I think that many black patients would prefer a black doctor, male or female, because it's felt (rightly or wrongly) that such a doctor would be more sympathetic or understand black attitudes toward illness better. I know that, historically, many black people are suspicious of white doctors, perhaps remembering all of the "experiments" that earlier medicine carried out on black people and earlier white attitudes toward black patients. Unfair, unjust, but there it is.  I think that it's the black community that needs black doctors, especially.



And I do not think that anyone is suggesting that standards be lowered just to produce more black doctors. The problem is more at the other end--finding those who will decide to become doctors.

ErnestB
ErnestB

@OriginalProf


Well said, OP!  Not to speak for all blacks but I know many that are suspicious of doctors for the reasons you mentioned (remember the Tuskegee Syphilis Experiment?).  It is also the perception of the doctor's 'bedside manner', with some believing black doctors can empathize more with the patient.  There is also the point about role models as assuming black doctor's are also involved in their respective communities, could help influence the next generation of doctor's to consider medicine as a career.


Val was a college classmate of mine and she is a sharp lady.  Part of my takeaway from her commentary that merely looking at a test score does not tell the full story about a person or reflect a measurement of their personal desire.  Schools like Morehouse help in uncovering the 'diamonds in the rough' that may sparkle brilliantly once given an opportunity.  Yes, we need to work on improving the pipeline by ensuring there is a mastery of reading before a student leaves the 3rd grade.  Only then can we ensure more black males will consider medicine and STEM for career opportunities.  this can be done without compromising standards.

MaryElizabethSings
MaryElizabethSings

@ErnestB 

"Yes, we need to work on improving the pipeline by ensuring there is a mastery of reading before a student leaves the 3rd grade."

++++++++++++++++++++++++++++++++++++++++

Then, we need to start the process of language development well before kindergarten years.  When I was an active reading specialist, I advocated that schools work with all pediatricians in their districts to ensure language development starts early.  Schools do not know the children even exist before they enter the school's grounds and that is why schools must work with pediatricians in developing language skills, as a team effort among parents/guardians, schools, and pediatricians, to identify verbal needs in given children and address them very early in a child's life - well before school age.  Sometimes it is too late by the time a child enters kindergarten or first grade for him or her to keep up with his peers, if language development has not begun well in advance of the school years.

popacorn
popacorn

@OriginalProf

'And I do not think that anyone is suggesting that standards be lowered just to produce more black doctors.'

Nah, we would never lower standards to ostensibly 'help' certain groups. You can't have your cake and eat it too. 

class80olddog
class80olddog

If they start having quotas for med school, it could open the possibility of a scenario like was depicted in the movie SOUL MAN.

Astropig
Astropig

I want the best doctor my insurance will pay for. I don't care what race,ethnicity or gender.My prostate is wayyyyyy too important to be left in the (cold) hands of somebody that became a doctor to fulfill somebody else's vision of what medicine should be.

Starik
Starik

@Astropig For that, the highest qualification is short, blunt fingers,  Color is irrelevant.

OriginalProf
OriginalProf

@Gwinnetting @Astropig 

Why must it be one over the other?
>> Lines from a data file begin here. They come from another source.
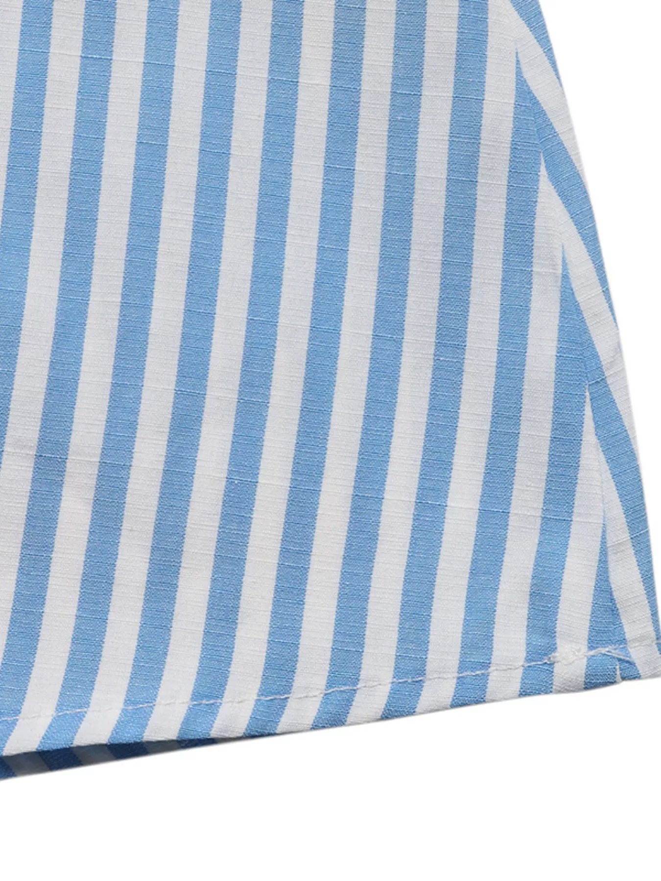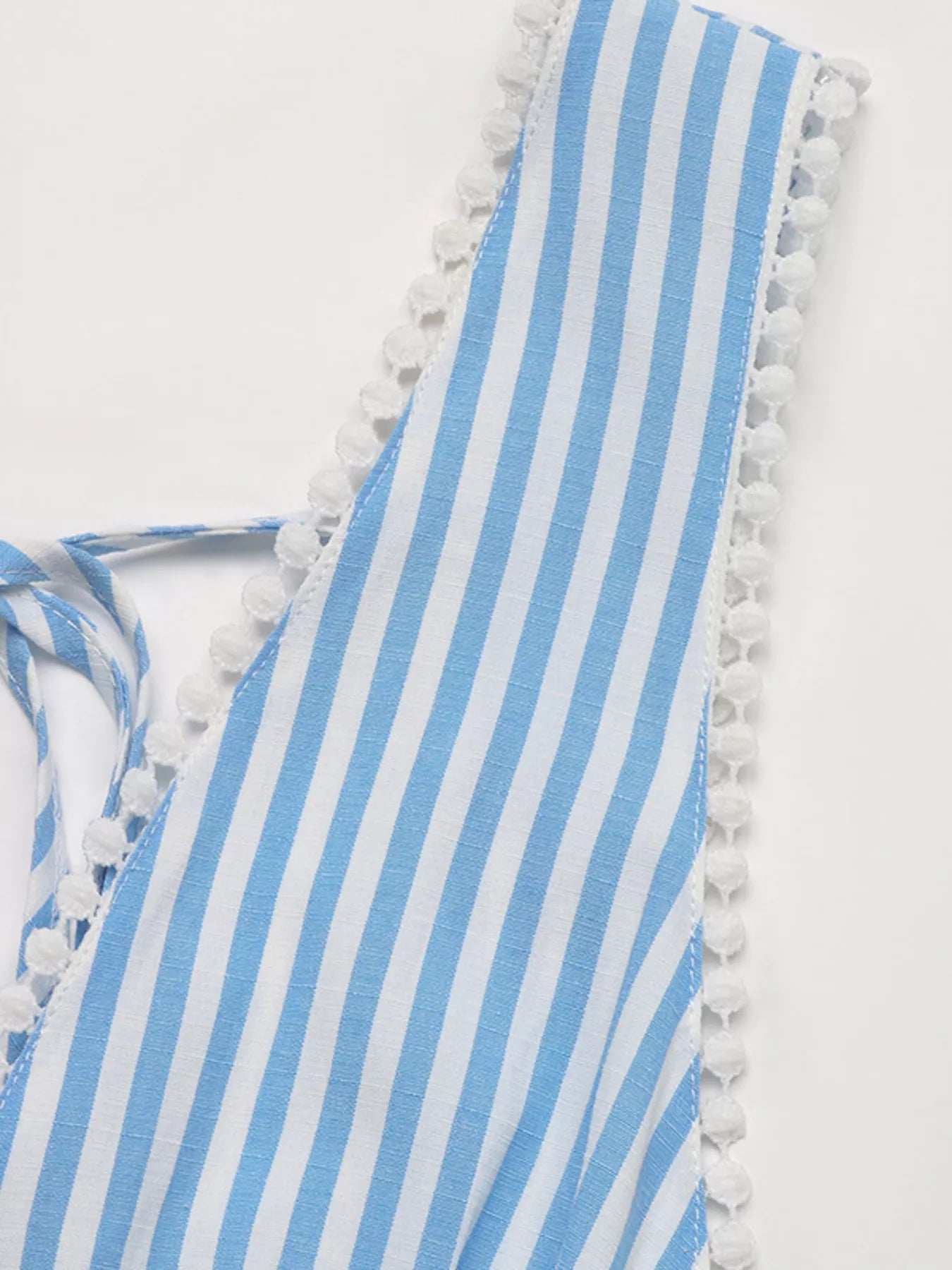 Striped Pom-Pom Trim Tie Front Sleeveless Mini Dress
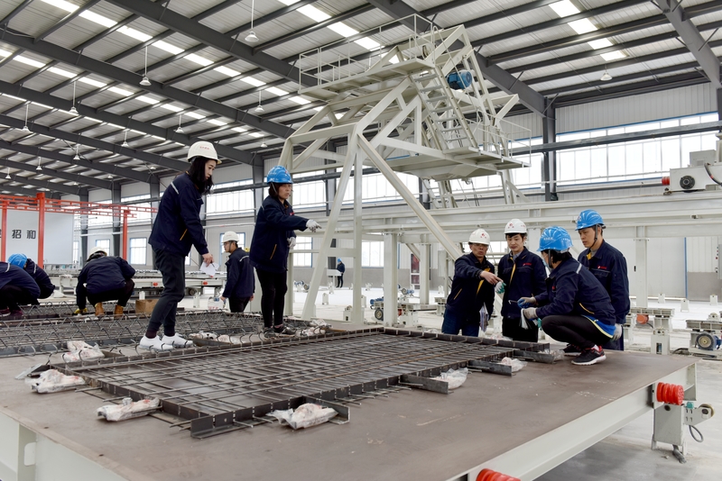 在環(huán)保裝配式PC構(gòu)建生產(chǎn)線,工人正忙著對(duì)模具進(jìn)行驗(yàn)收。王炳杰介紹,這套設(shè)備5000多萬(wàn),用的就是經(jīng)過(guò)處理的建筑垃圾,全自動(dòng)流水線作業(yè),4月中下旬開(kāi)始試運(yùn)營(yíng)。他說(shuō):“我們這條生產(chǎn)線自動(dòng)化程度高,能生產(chǎn)裝配建筑用的疊合板、樓梯、陽(yáng)臺(tái)、空調(diào)板等,蓋房子就和拼積木一樣?!?br />
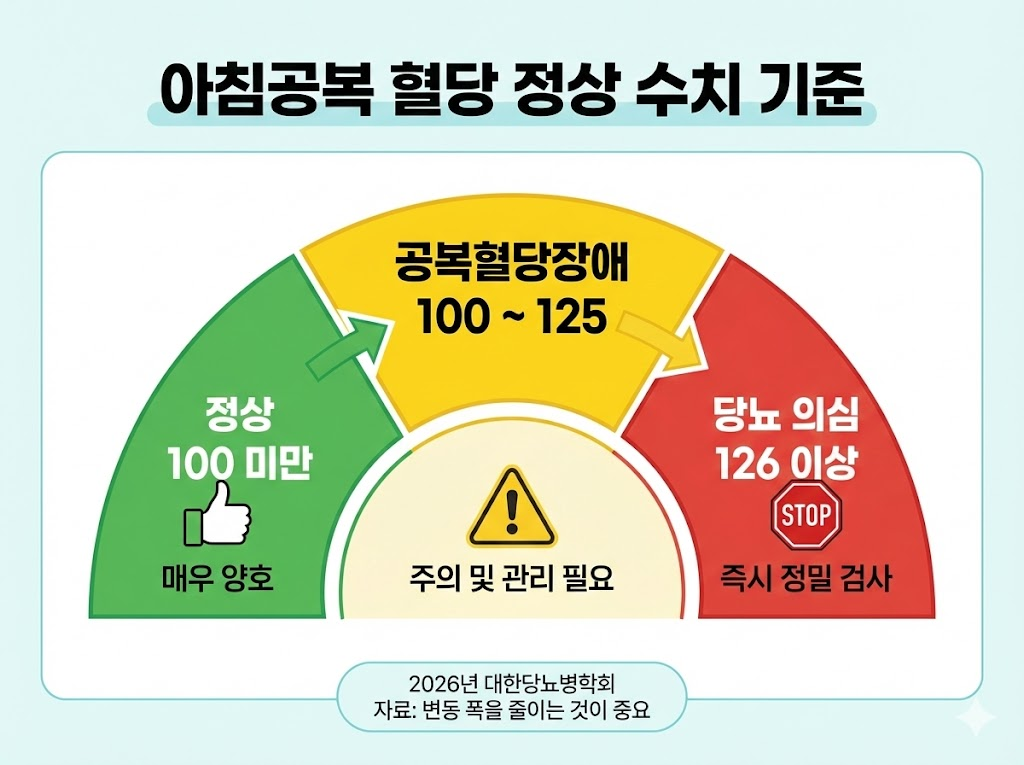정상적인 공복 혈당은 100mg/dL 미만으로 유지되어야 하며 이를 초과하면 공복 혈당 장애를 의심해야 합니다.

The patient usually has a choice of doctors or specialists who are covered by insurance. Assuming the professional reputations are generally equal, one also considers other factors....such as race or gender that is like one's own.

Gwinnetting
Gwinnetting

@Astropig 

In choosing a doctor for my child, valuing minority status over professional reputation would be inconceivable to me. 

But it takes all kinds to make a blog, I suppose.